Out of everything to do with the shutdown, closing the memorials and trying to keep veterans out seems to have resonated with people the most. Why do you think?
I think there’s one group you don’t pick on, and that’s the troops, and that’s the veterans. And you don’t use them as a political prop. And, you know, it seems obvious to me that there’s a clear strategy by the White House to create optics that unnecessarily pain the average American, that give shutdown horror photo ops for the media. I’m sure there are many “park closed” signs laying around, but someone had to make up the “park closed due to SHUTDOWN” in bold font with caps.
Why do you do that unless it’s a political game?
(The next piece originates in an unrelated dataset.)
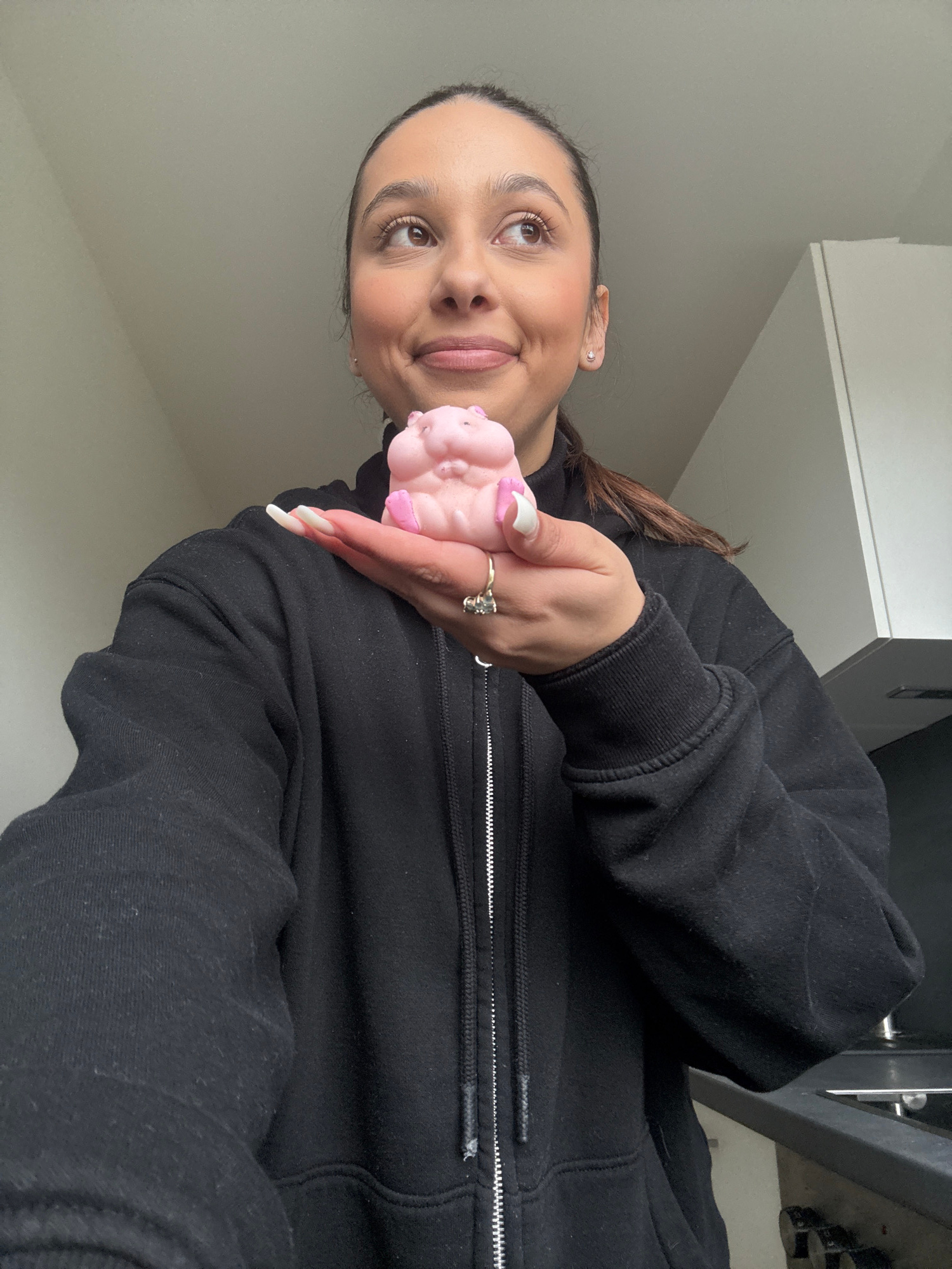 A woman with brown hair pulled back, wearing a black zip-up hoodie, is holding a small, pink, shaped object (possibly a toy or craft item) in her left hand. She is smiling slightly and looking upwards…read more

And I think you can probably get away with that, because the media will kind of enable you and join you, but I don’t think you pick on the veterans, especially the World War II veterans -- 80-year-old men in wheelchairs who are going to roll right through your barricades. ... Them going through and kind of breaking through the barricades was everybody’s -- (laughs) -- or at least half the country’s -- response. And it’s really sad, and it’s really petty, and it’s unnecessary, which makes me angry and I think which makes a lot of people angry.
You’ve come a long way from performing at the Concert for New York City after 9/11 to campaigning with Mitt Romney and Paul Ryan last year. Is this an evolution in your views, or is that you’re comfortable enough in your career that you don't need to hold back anymore?
Well, it’s probably stupid and crazy. It’s certainly career suicide to a certain degree. But you know, the reality is I think most of us tend to start our political beliefs with our parents, and my dad was a businessman and I grew up in a household where we were kind of center-right – by no means am I an ideologue -- and I tend to lean more fiscally conservative. Playing the Concert for New York, obviously I got to meet many politicians, and I had friends and acquaintances on both the left and the right, and I still do.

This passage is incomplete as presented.